A. Fnx = 5.71*10⁻⁵ N , Fny= -3.67*10⁻⁵ N

B. Fn= 6.78 *10⁻⁵ N

C. α= 32.4° counterclockwise with the positive x+ axis

Explanation:

Because the particle q₃ is close to two other electrically charged particles, it will experience two electrical forces and the solution of the problem is of a vector nature.

Equivalences

1nC= 10⁻⁹C

1cm = 10⁻²m

Known data

k= 9*10⁹N*m²/C²

q₁= -2.65 nC =-2.65*10⁻⁹C

q₂= +2.00 nC = 2*10⁻⁹C

q₃= +5.00 nC= =+5*10⁻⁹C

$d_{13} = \sqrt{(3.2)^{2} +(3.8)^{2} }$

$d_{13} =\sqrt{24.68}$ * 10⁻²m = 4.9678* 10⁻²m

(d₁₃)² = 24.68*10⁻⁴m²

d₂₃ = 3.2 cm = 3.2*10⁻²m

Graphic attached

The directions of the individual forces exerted by q₁ and q₂ on q₃ are shown in the attached figure.

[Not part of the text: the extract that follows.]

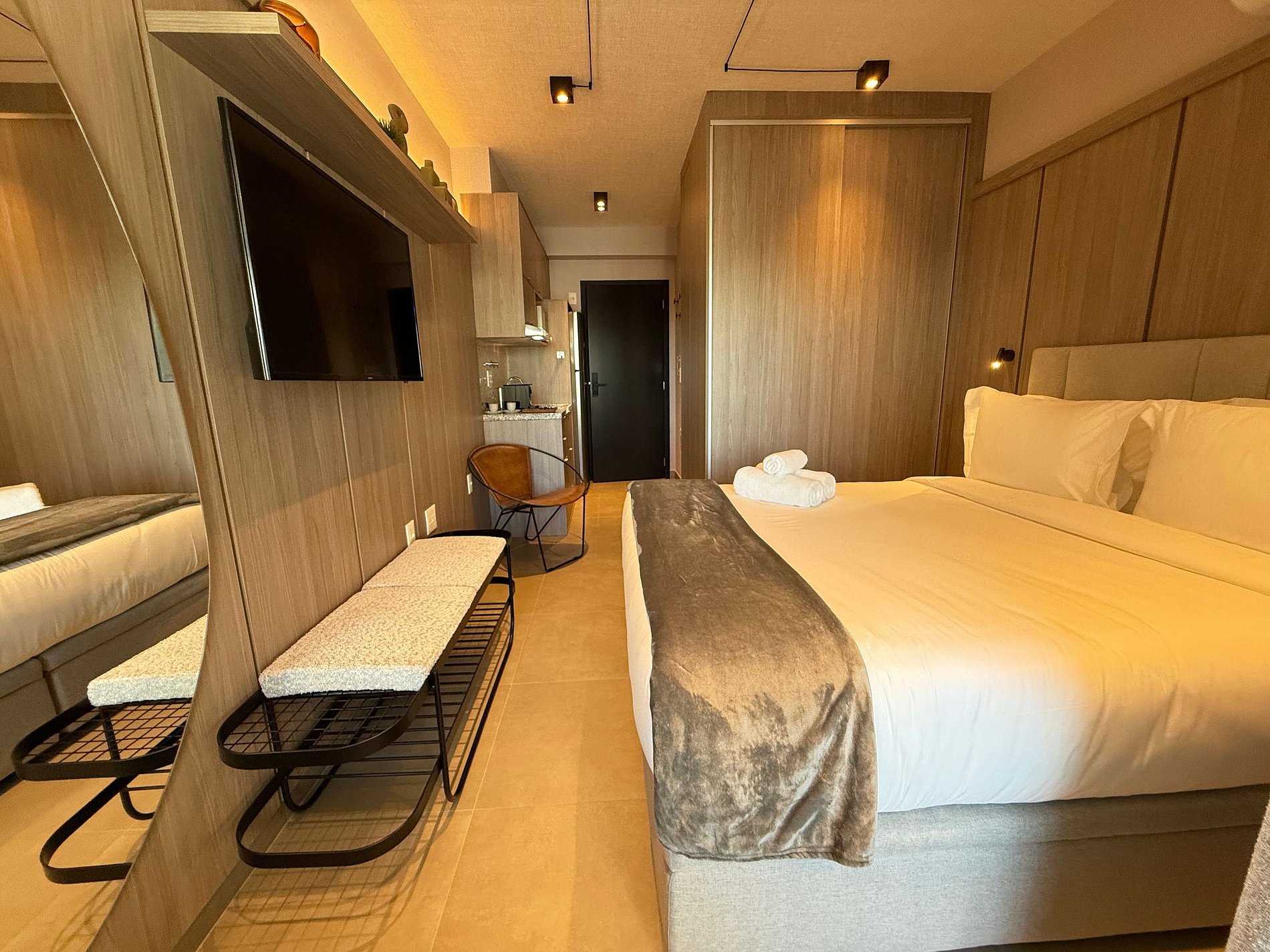 El estudio dispone de una cama queen con ropa de cama premium de hotel, aire acondicionado, Wi-Fi y una cocina compacta totalmente equipada con refrigerador, microondas, cafetera, hervidor eléctrico y sandwichera. El amplio balcón, con mesa de comedor y sofá, es un gran diferencial que amplía el espacio y permite relajarse o disfrutar comidas con vista urbana.

The force (F₂₃) of q₂ on q₃ is repulsive because the charges have equal signs and the forces.

The force (F₁₃) of q₁ on q₃ is attractive because the charges have opposite signs.

Magnitudes of F₁₃ and F₂₃

F₁₃ = (k*q₁*q₃)/(d₁₃)²=( 9*10⁹*2.65*10⁻⁹*5*10⁻⁹) /(24.68*10⁻⁴)

F₁₃ = 4.8 *10⁻⁵ N

F₂₃ = (k*q₂*q₃)/(d₂₃)² = ( 9*10⁹*2*10⁻⁹*5*10⁻⁹) /((3.2)²*10⁻⁴)

F₂₃ = 8.8 *10⁻⁵ N

x-y components of F₁₃ and F₂₃

F₁₃x= -4.8 *10⁻⁵ *cos β= - 4.8 *10⁻⁵(3.2/ (4.9678)= - 3.09*10⁻⁵ N

F₁₃y= -4.8 *10⁻⁵ *sin β= - 4.8 *10⁻⁵(3.8/(4.9678) = - 3.67*10⁻⁵ N

F₂₃x = F₂₃ = +8.8 *10⁻⁵ N

F₂₃y = 0

x and y components of the total force exerted on q₃ by q₁ and q₂ (Fn)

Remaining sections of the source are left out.